+++ GIVEN INFORMATION +++
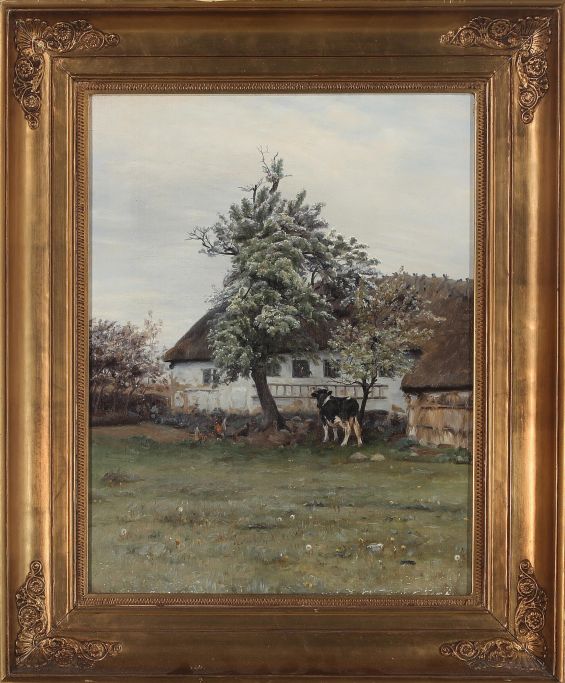 Mols, Niels Petersen (1859 - 1921) Dänemark: Grundstück von einem Bauernhof mit Hühnern und einer Kuh.
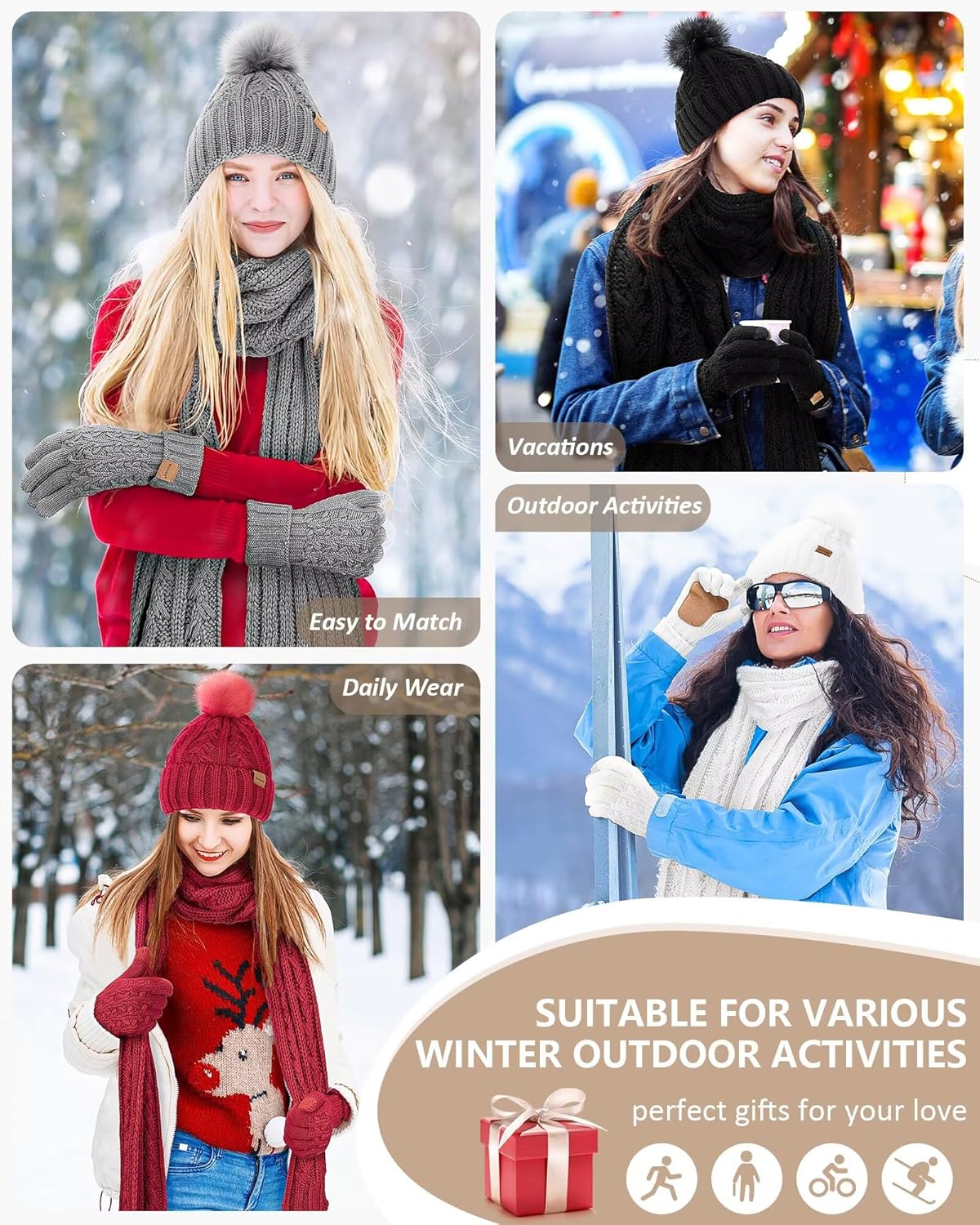 ♥Exquisite Gift For Your Loves♥: Available in multiple colors, this beanie scarf and gloves set for women features intricate knitting craftsmanship, creating fashionable designs that can be paired with most daily outfits. Perfect for running, skiing, sledding, camping, or any winter outdoor activities. It makes an excellent gift for family, relatives, and friends on occasions like Christmas, Thanksgiving, and birthdays.
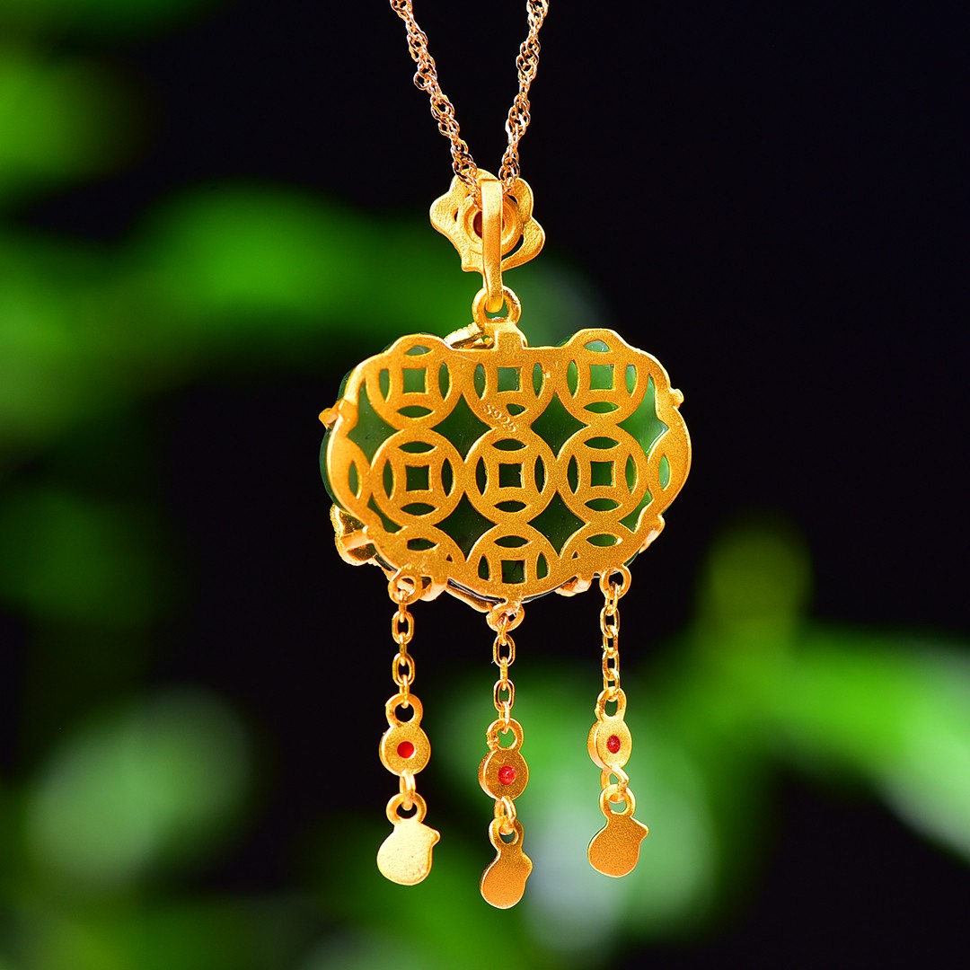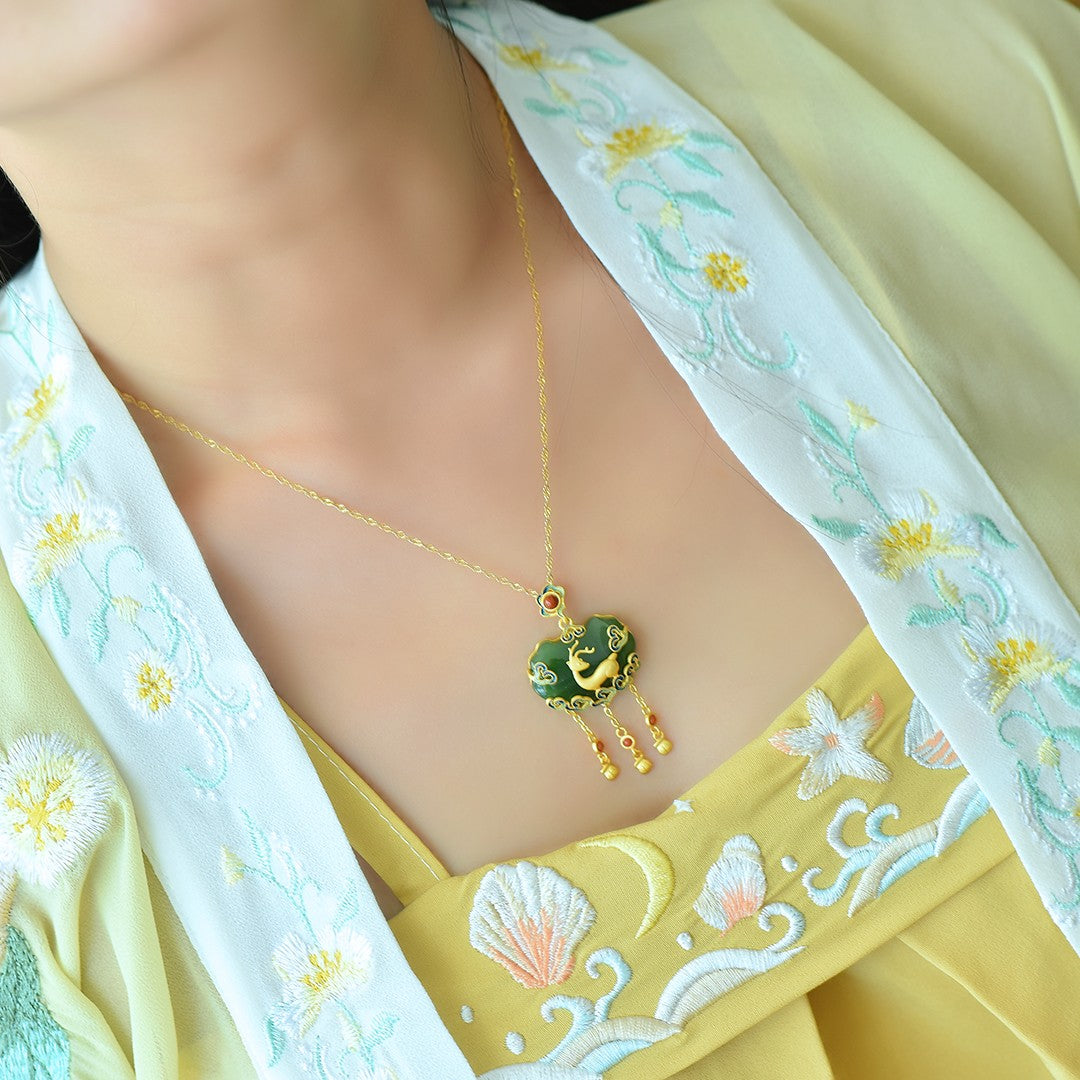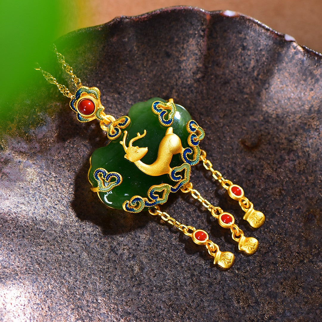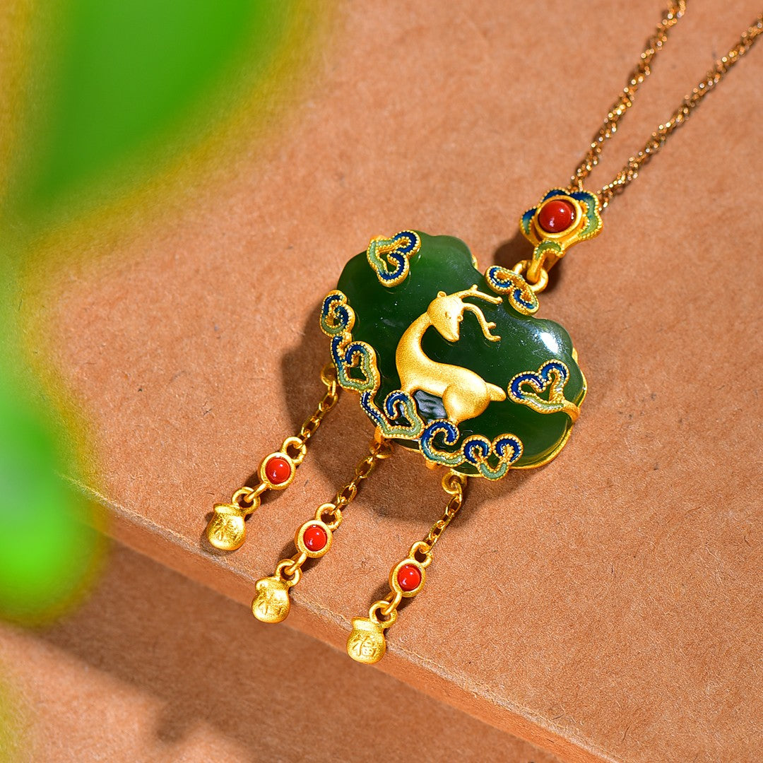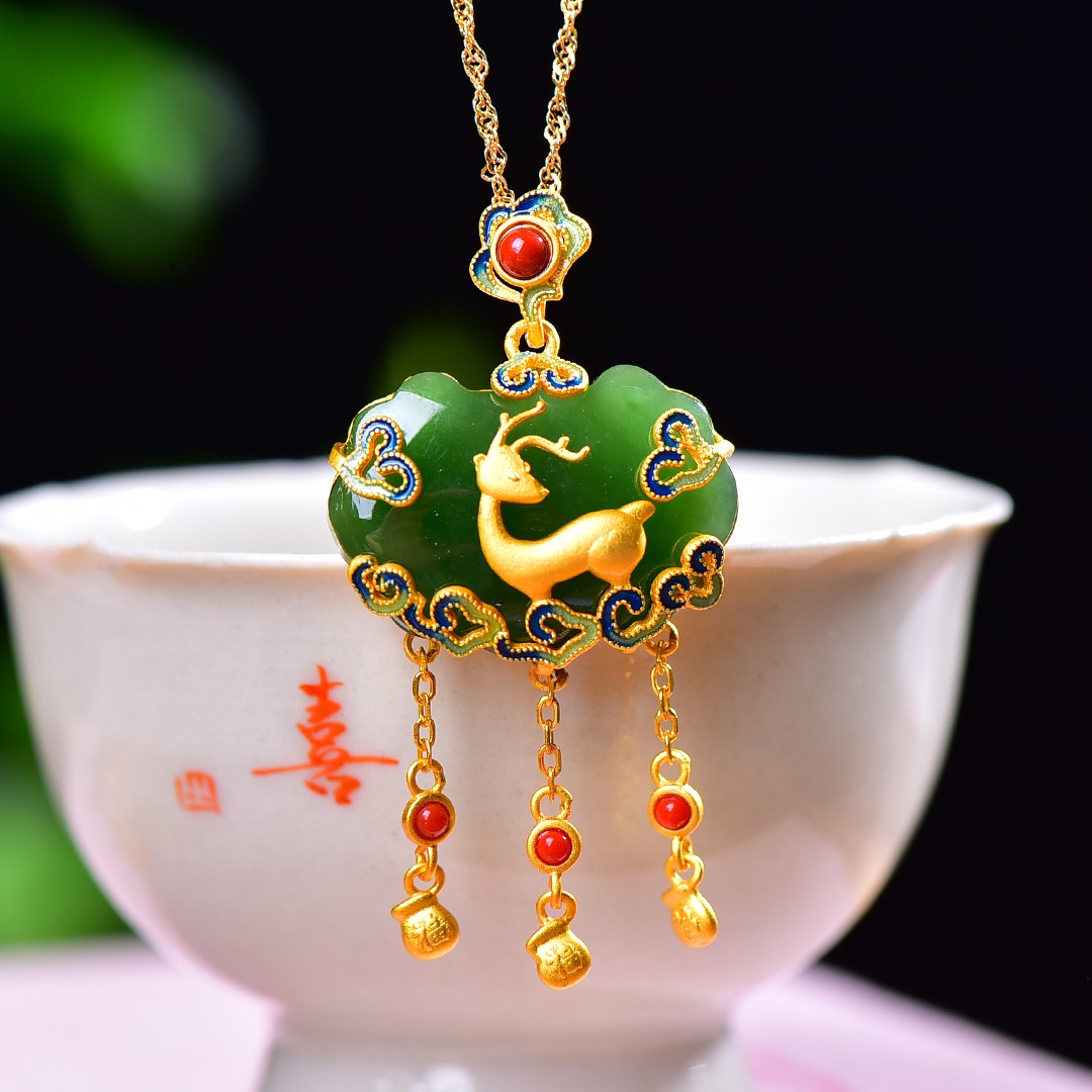Silver gold-plated Hetian Jasper One Deer You Pendant, jade size: 17mmx24mm   银镀金镶和田碧玉一鹿有你吊坠
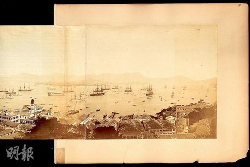 港岛全景(1890年) 1890年的港岛全景图,当时海上交通已甚为繁忙。(英国国家档案馆)来源:香港《明报》
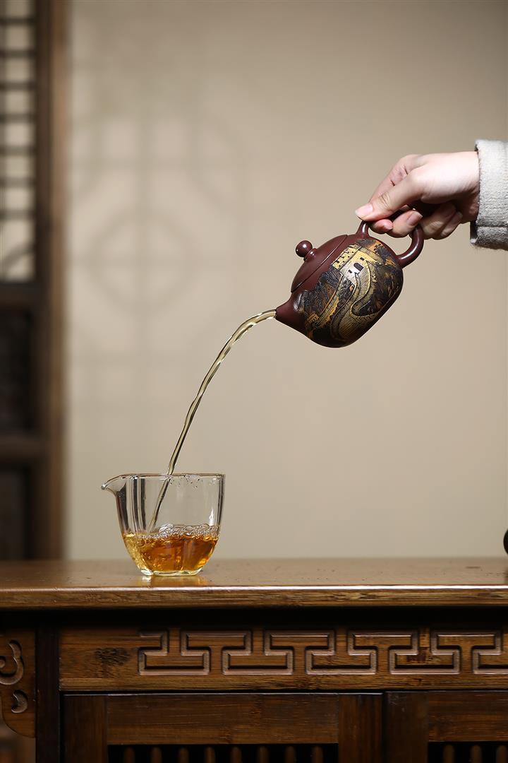 【泥料特點】砂土氣重,似淳實農民,日久使用,漸露鋒芒,養成變化,溫潤莊重。紫砂是壹種雙重氣孔結構的多孔性材質,氣孔微細,密度高。用紫砂壺沏茶,不失原味,且香不渙散,得茶之真香真味。紫砂使用越久,壺身色澤越發光亮照人,氣韻溫雅。紫砂壺長久使用器身會因撫摸擦拭,變得越發溫潤光澤。
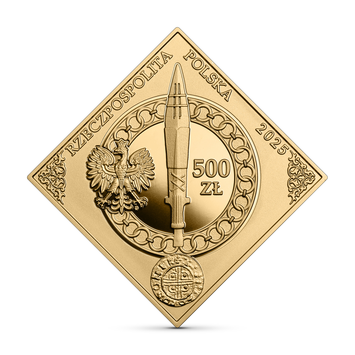 Centrally, a stylised tip of the Lance of Saint Maurice; on the left, an image of the Eagle established as the state emblem of the Republic of Poland; below the Eagle, on the right, the Mint mark: m / w; to the right of the lance, the inscription: 500 / ZŁ; an ornamental wreath in the background. At the bottom, the reverse of a Princes Polonie denarius; in the corners on the left and right, a repeated ornament. At the top, along the rim, the inscription: RZECZPOSPOLITA POLSKA (Republic of Poland) 2025.
+++
WHAT NEEDS TO BE DONE: Copy the data word for word, no pictures.

WRITTEN ANSWER:
 Mols, Niels Petersen (1859 - 1921) Dänemark: Grundstück von einem Bauernhof mit Hühnern und einer Kuh.
 ♥Exquisite Gift For Your Loves♥: Available in multiple colors, this beanie scarf and gloves set for women features intricate knitting craftsmanship, creating fashionable designs that can be paired with most daily outfits. Perfect for running, skiing, sledding, camping, or any winter outdoor activities. It makes an excellent gift for family, relatives, and friends on occasions like Christmas, Thanksgiving, and birthdays.
Silver gold-plated Hetian Jasper One Deer You Pendant, jade size: 17mmx24mm   银镀金镶和田碧玉一鹿有你吊坠
 港岛全景(1890年) 1890年的港岛全景图,当时海上交通已甚为繁忙。(英国国家档案馆)来源:香港《明报》
 【泥料特點】砂土氣重,似淳實農民,日久使用,漸露鋒芒,養成變化,溫潤莊重。紫砂是壹種雙重氣孔結構的多孔性材質,氣孔微細,密度高。用紫砂壺沏茶,不失原味,且香不渙散,得茶之真香真味。紫砂使用越久,壺身色澤越發光亮照人,氣韻溫雅。紫砂壺長久使用器身會因撫摸擦拭,變得越發溫潤光澤。
 Centrally, a stylised tip of the Lance of Saint Maurice; on the left, an image of the Eagle established as the state emblem of the Republic of Poland; below the Eagle, on the right, the Mint mark: m / w; to the right of the lance, the inscription: 500 / ZŁ; an ornamental wreath in the background. At the bottom, the reverse of a Princes Polonie denarius; in the corners on the left and right, a repeated ornament. At the top, along the rim, the inscription: RZECZPOSPOLITA POLSKA (Republic of Poland) 2025.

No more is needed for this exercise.